Today, like Sarah before him, Woody has planted his feet more consistently in the Last Frontier. And the tradeoff of sacrificing visits to other venues for a clearer head extends to the blessings of Twitter. With that, the beat writers’ fraternity he once fostered in person is preserved from afar while information travels with the speed of a breakout pass.

“The Internet and Twitter help maintain a connection to college hockey, thankfully, as does live streaming,” he said. “Remember, I’m so old I recall when we had to get WCHA stats through a fax-back. You literally dialed a fax number, punched in some access code and waited for the fax to spit out the updated weekly stats.”

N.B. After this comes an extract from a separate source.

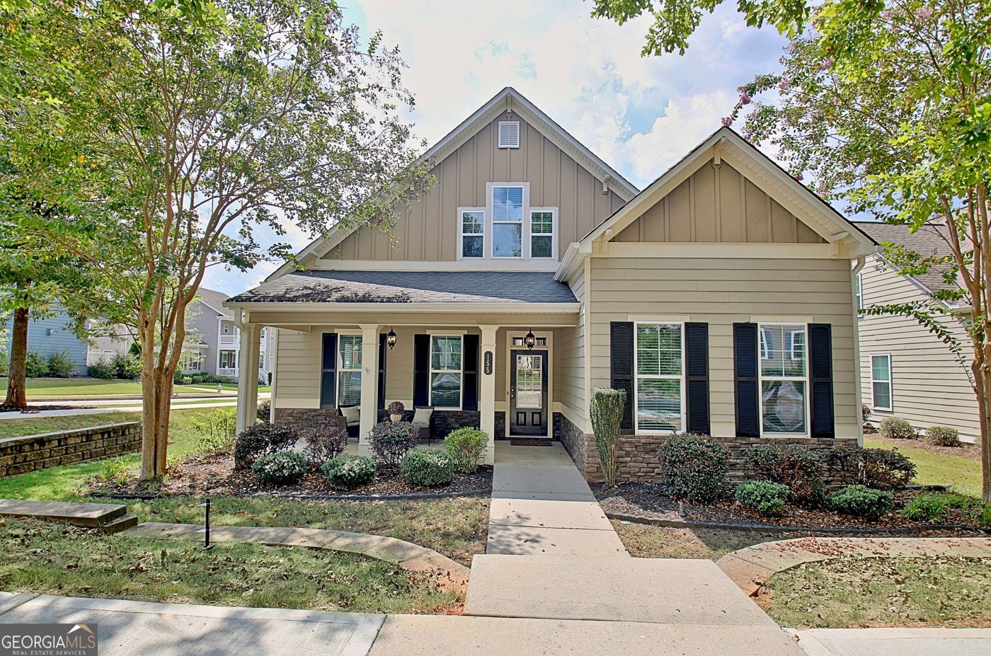 Welcome to 155 Colonial Court, a charming Craftsman-style home nestled on a desirable corner lot in the sought-after Villages at Lafayette-one of Fayetteville's most vibrant and walkable communities. This beautifully designed 5-bedroom, 3-bathroom residence offers the perfect blend of space, style, and convenience, just minutes from historic downtown Fayetteville and right next door to the city's lively amphitheater. Imagine strolling to concerts, festivals, and events with ease, then retreating to the peaceful comfort of your own front porch.    From the moment you enter, you'll be greeted by high ceilings and a spacious open-concept layout that brings the living and dining areas together with effortless flow. The heart of the home-the kitchen and breakfast nook-sits at the rear, featuring rich wood cabinetry, granite countertops, and stainless steel appliances. Just off the kitchen, you'll find convenient access to the laundry room, garage, and a cozy covered back porch, perfect for morning coffee or evening wind-downs.    The main floor offers thoughtful flexibility with a guest bedroom and full bath, along with a generously sized primary suite. The primary retreat includes an extra-large walk-in closet and a luxurious en suite bathroom with double vanities, a soaking tub, separate shower, and private water closet-a true haven for relaxation.    Upstairs, you'll find three oversized bedrooms, each with walk-in closets, plus a large walk-in storage room, providing plenty of room for family, guests, or hobbies. Fresh interior paint and brand-new carpet throughout make this home feel fresh, clean, and move-in ready. Built with quality HardiePlank siding and timeless architectural details, this home combines character and durability.    The Villages at Lafayette offers an amenity-rich lifestyle with sidewalk-lined streets, pickleball courts, a dog park, swimming pool, and playground-all in a close-knit community atmosphere.    If you've been dreaming of a home that offers both character and convenience in the heart of Fayetteville, look no further than 155 Colonial Court.

With current technology, there also remains ample space for casual discussion and shameless tourism plugs. Earlier this month, Woody gave a stick-tap to the Grand Forks Herald’s Brad Schlossman for the latter’s endorsement of Anchorage establishments.

And then there is the new venue for creativity, which Woody maximizes through his handle, @JaromirBlagr.

The play on the name of the NHL’s most seasoned active player inadvertently reaffirms his Alan Shemper-esque habit of joking about his maturity. Although, he admits he accepted the alias at the suggestion of a friend.

“Wish I could take credit for the Twitter handle,” he said, “but I'm not remotely that clever. That came from my friend Josh Nova, a Fairbanks boy and former co-worker who loves puns, and came up with that one in a heartbeat.

“It has also earned Sarah the nickname Mrs. Blagr among some readers. So, yeah, my bride is living the dream up here.”

Oh, the now-not-so-untold enjoyments of East Anchorage.